In the freshwater snail Lymnaea stagnalis, a series of studies provided circumstantial evidence that an NGF‐like factor may be involved in neurite outgrowth (Ridgway et al., 1991), synapse formation (Syed et al., 1996), synaptic plasticity (Magoski and Bulloch, 1996) and the modulation of Ca2+ currents (Wildering et al., 1995). A protein purification approach that attempted to isolate putative neurotrophic factors in Lymnaea resulted in the cloning of a novel neurotrophic factor, designated CRNF, that is not sequence‐related to the vertebrate neurotrophins, although it is capable of binding to the shared mammalian p75 neurotrophin receptor (Fainzilber et al., 1996). This finding further sharpened the debate on the evolutionary origin of the neurotrophins and their receptors, and the nature of neurotrophic mechanisms in invertebrates. In this paper we report on the identification of Ltrk, an RTK from the central nervous system (CNS) of this snail that is most similar to TrkC, and specifically binds NT‐3, but not other neurotrophins. The expression profile of Ltrk suggests that it has a role during embryonic and sub‐adult development. Thus, Ltrk is the first Trk family member identified in an invertebrate.

Results

Cloning of Ltrk

In order to identify Trk‐related receptors in L.stagnalis, we performed a homology‐based PCR screen on cDNA from freshly dissected CNS. Using primers TrkA1 and TrkS1, directed against conserved sequences in the TK domain of most RTKs, a single PCR product with the expected size of 200 bp was amplified.
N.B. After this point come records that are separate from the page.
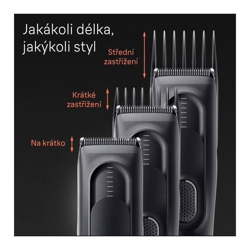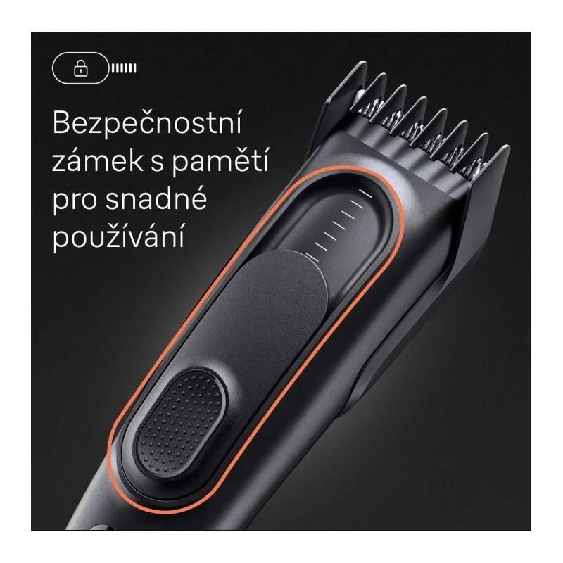Bezpečnostní zámek Memory SafetyLock navíc uzamkne poslední nastavení. Po použití jej zbavíte nečistot jednoduše pod proudem vody. Součástí balení je kromě samotného zastřihovače vlasů praktické příslušenství, které vám usnadní práci. Těšit se můžete na malý hřeben (3–24 mm), velký hřeben (14–35 mm) a nabíjecí kabel.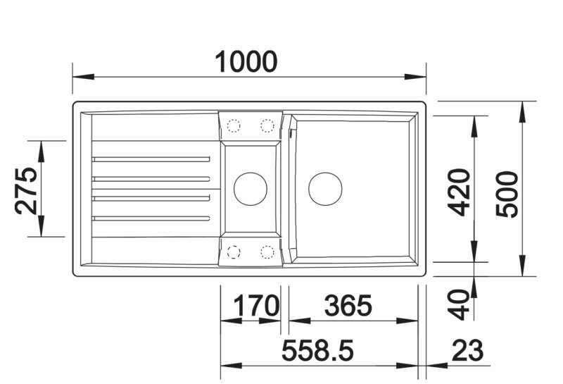 | Afdruipblad spoelbak | omkeerbaar met verlek |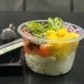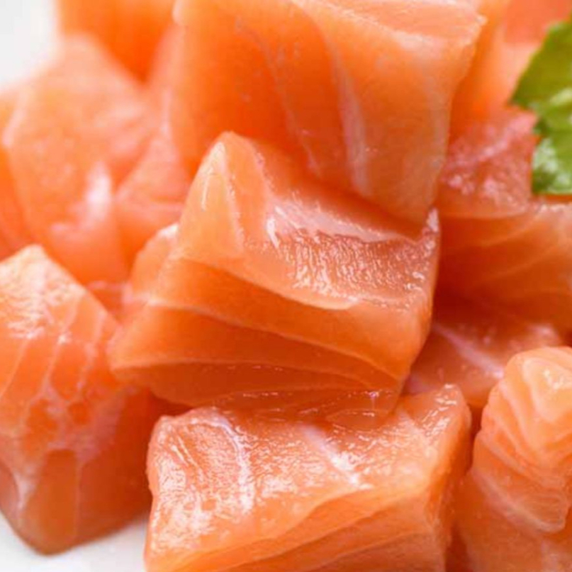uma mistura de salmão em cubos, camarão ,cebolinha e pra finalizar gergilin um sabor para surpreender

When cloned and sequenced, this product appeared to consist of multiple cDNA fragments, of which three encoded different putative RTKs. One of these had significantly higher sequence identity to Trk receptors than to other RTKs. Therefore, we tentatively named this clone Lymnaea Trk (Ltrk). The Ltrk PCR fragment was used to screen an organ‐cultured CNS‐specific λZAPII cDNA library for a full‐length clone. Ltrk clones were identified in three of the 29 library fractions, purified and rescued by in vivo excision. One plasmid, named pBSLtrk, has an insert of 2829 bp containing a single open reading frame that encodes a 794 amino acid protein (Figure 1; this sequence has been submitted to the DDBJ/EMBL/GenBank database under accession No. U61728). The open reading frame is preceded by several in‐frame stop codons, indicating that the coding region is complete at the 5′ end.

Figure 1.

cDNA sequence and deduced amino acid sequence of Ltrk. Nucleotide and amino acid positions are numbered at the right hand side. In‐frame stop codons within the 5′ untranslated leader sequence are underlined. The putative signal sequence cleavage site is indicated by an arrow. The transmembrane domain is shown in reverse contrast. The cysteine clusters and leucine‐rich motifs are underlined by solid and dotted lines, respectively, and the tyrosine kinase domain is boxed. The autophosphorylation sequence (D(L/I/V)Y(N)3YYR) is shown in bold, and the autophosphorylated tyrosine residue is indicated by a black dot (●). Triangles (▵) indicate putative N‐linked glycosylation sites (Asn‐X‐Ser/Thr) and * indicates the stop codon.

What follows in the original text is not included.